So, how many times do you check the weather before hitting the road or the water?
Well, leave it to veteran meteorologist Bob Baron to help make those observations easier.
Baron, CEO and founder of Baron Services, has launched the Baron Critical Weather Institute, which will focus on the unique weather and safety challenges facing the transportation industry.
The goal is to create a comprehensive statewide weather observation network including road, river and atmospheric conditions. This will help ensure that citizens across Alabama will receive improved and more timely current conditions and forecasts on roadways and waterways as they travel across the state.

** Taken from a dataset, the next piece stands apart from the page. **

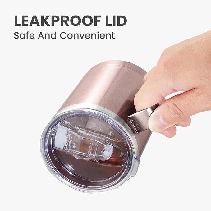MEWAY 12oz Coffee Mug With Handle 8 Pack Bulk,Stainless Steel Insulated Travel Tumblers With Sliding Lid,Double Wall Vacuum Camping Cup for Hot & Cold Drinks Tea (Rose Gold,Set of 8)

Baron said “the Tennessee Valley and the state of Alabama uniquely experience a broad range of weather events and contain terrain that extends from subtropical seashores to mountains along with navigable waterways, seaways, highways and airways.
“Our state is home to numerous manufacturing powerhouses who produce transportation-related products, including automobiles, boats, railcars and aircraft.”
The Institute’s efforts to develop, coordinate, and support world class instrumentation across the state will provide a building block for major weather research and development, particularly in transportation.
Guiding the Institute’s development are Dr. Deborah Barnhart, CEO and Executive Director of the U.S. Space & Rocket Center; Dr. John Christy, Director of Earth System Science Center at UAH and the Alabama state climatologist; Dr. Steve Goodman, retired Chief Scientist, GOES-R, NOAA; Dr. Jack Hayes, retired director, U.S. National Weather Service; retired Air Force Col. Brian Hastings, director of Alabama Emergency Management Agency; Daryl Herzmann, Systems Analyst, Iowa Environmental Mesonet; Dr. Sytske Kimball, Chair of University of South Alabama Department of Earth Sciences and director of South Alabama Mesonet; John McLaughlin, retired Chief Meteorologist KCCI, Fellow AMS; and Tom Thompson, Partner, Chief Technology Officer, Baron.
Also, the Baron Critical Weather Institute will provide education outreach, including helping student scientists understand the importance of weather instrumentation in studying the weather.